And when that happens, the world will see it, and the world will respond.

If doodahman despairs of such a project because of problems with us, EarlyBird rejects it because of problems with them: "Every thing we do, either with good or bad intentions will backfire. You can't even try to help or 'win over' such a sick, hate-filled, self-hating person without being held in contempt and dragged down."

Jack_cerf notes that the cultural gulf between America and the Islamic world lies in a whole different ocean than the one which divided us from Eastern Europe:

Communism is/was a bastard child of the Enlightenment and the Industrial Revolution. It promised to produce the same things liberal capitalism promised -- a world of prosperous, free and equal people -- only better. We could attack it, and did, by showing that it didn't deliver the goods as well. Jazz, rock and roll, and the individual hedonism that went with them were something that people raised in a communist society could recognize as part of a better material existence.

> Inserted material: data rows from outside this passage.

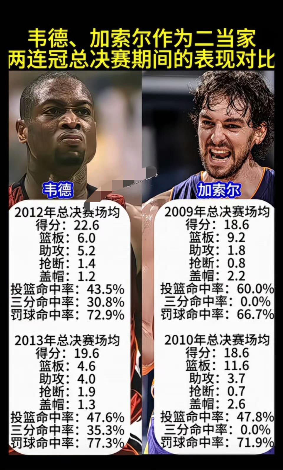 詹姆斯身边的韦德vs科比身边的加索尔,在两连冠时总决赛的表现对比!谁更强? 韦德(热火2012-2013两连冠期间) 2012年总决赛场均22.6分6.0篮板5.2助攻1.4抢断1.2盖帽,投篮命中率43.5%; 2013年总决赛场均19.6分4.6篮板4.0助攻1.9抢断1.3盖帽,投篮命中率47.6%。 保罗·加索尔(湖人2009-2010两连冠期间) 2009年总决赛场均18.6分9.2篮板1.8助攻0.8抢断2.2盖帽,投篮命中率60.0%; 2010年总决赛场均18.6分11.6篮板3.7助攻0.7抢断2.6盖帽,投篮命中率47.8%。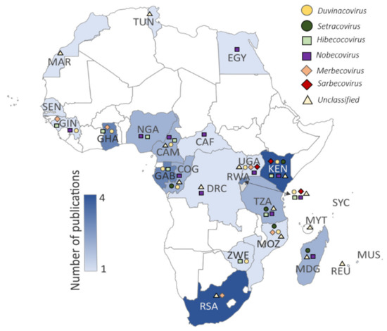 The high biodiversity on the African continent supports viral species richness, which has been correlated with disease hotspot mapping and novel viral diseases that have emerged or re-emerged in Africa to date [22]. Many communities in Africa live in close contact with wildlife, domesticated animals, and livestock. Some surveillance for bat coronaviruses has been performed in Africa. A recent review by Markotter et al. [23] provides a comprehensive summary of potentially zoonotic coronaviruses reported from Africa (relatives of HCoV229E, HCoVNL63, MERS-CoV, and SARS-CoV), focusing on the distribution of the host bat species, and concluding that inferences on zoonotic potential based on the genetic relatedness is limiting. This review focuses in greater detail on the total coronavirus diversity identified among African animal species. We review published literature concerning bat species targeted, sample sizes, viral genetic diversity, and evolutionary links to specific host species. The review was also expanded to include the currently available surveillance data among non-bat wildlife and domesticated livestock as hosts of coronavirus diversity. We highlight surveillance approaches from previous studies, important findings, and gaps in current surveillance and propose a surveillance framework to guide the design of future biosurveillance studies.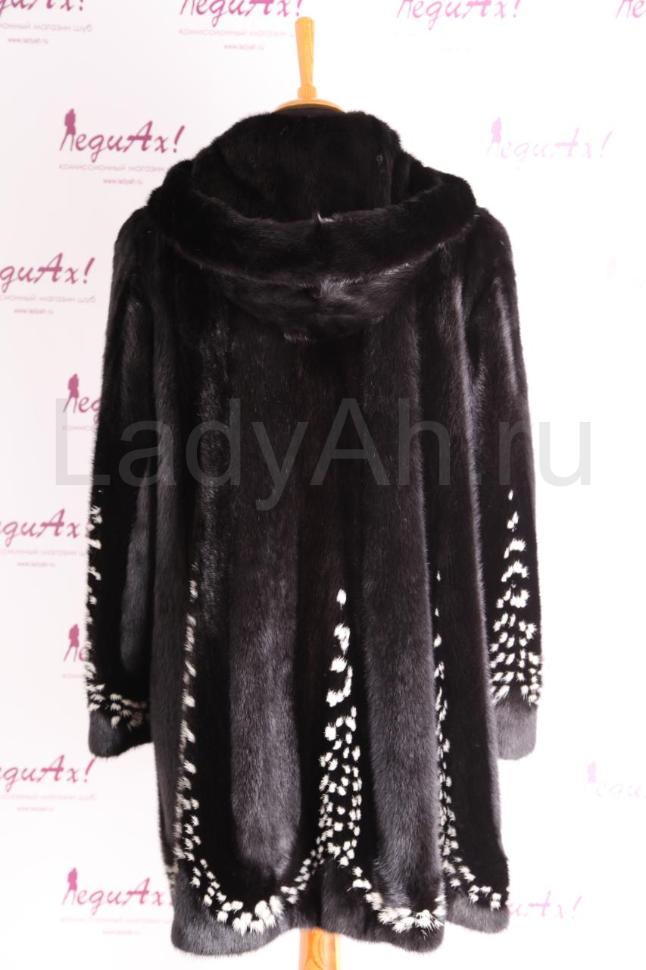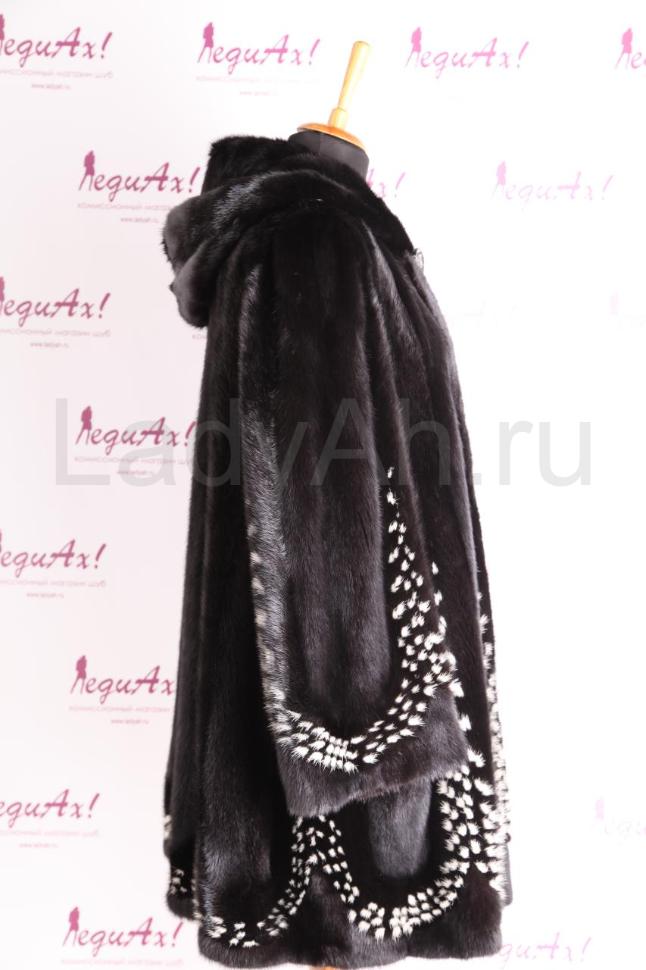 Великолепная норковая шуба из аукционной норки, фасон трапеция, с удобным капюшоном с отворотом. Цвет черный бриллиант, комбинированная вставками пластин перевертышей (остевым волоском вверх). По низу шубка с интарсией пятнышками белой норки - смотрится по-королевски. Мех норки мягчайший и бархатный, окутывает свою хозяйку словно роскошная мантия.

Islam isn't vulnerable to the same attack because, unlike Communism, it isn't purely materialistic. Like all serious revealed religion, it has the great fudge factor of Heaven and Hell to make up for its worldly failures and to keep the faithful in line. As long as conformity to the will of God is the most important thing, mere prosperity and material well being aren't enough, and individual liberty is positively pernicious.

Perhaps the most trenchant criticism comes from endorendil, who rejects both the essentialism and the exceptionalism of Kaplan's premise:

US culture had an outsized influence when US technological advantage meant that most widely available cultural products (recorded music, movies) were American. With mass culture products mature (and their effects known to those in power), and the technology to produce them widely available, local products now compete more or less effectively with American ones. Since most US cultural products reinforce negative stereotypes of the US, it's not even clear that better access to US cultural products would help. When was the last time you saw a movie, or listened to a song that made you proud to live in the US, and that could not have been about another country?

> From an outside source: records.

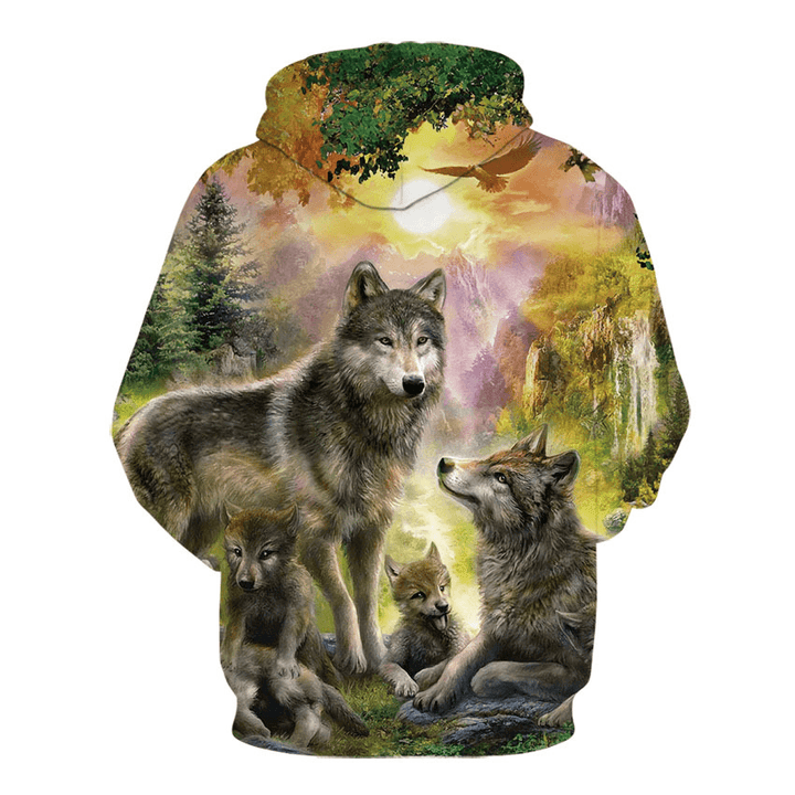Color Wolf Digital 3D Printed Hooded Sweatshirt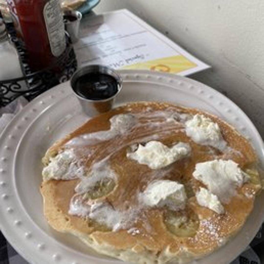 Two fluffy pancakes filled with slices of banana, served with butter and syrup.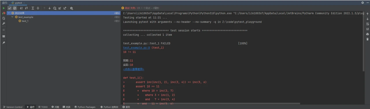 FAILED test_example.py::test_1 - assert 10 == 11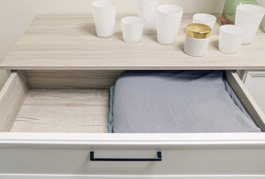 Интересный штрих — торцевые стеллажи для завершения шкафной группы. Они станут отличным дополнением к глубоким и неглубоким шкафам. Установка стеллажей возможна с любого торца шкафа.

The US shares cultural values with the rest of the world. Things like the power of the individual, the importance of religion in public life, dedication to science and education, free enterprise, secularism and the fight for equality are (in varying degrees) worldwide recognized values. But everyone has a different idea of their relative importance, and many of these values stand in opposition. The US doesn't have a clear message to broadcast in the first place. Moreover, almost every country has historical advocates for all of these values, some much older, some much more eloquent, than the US's.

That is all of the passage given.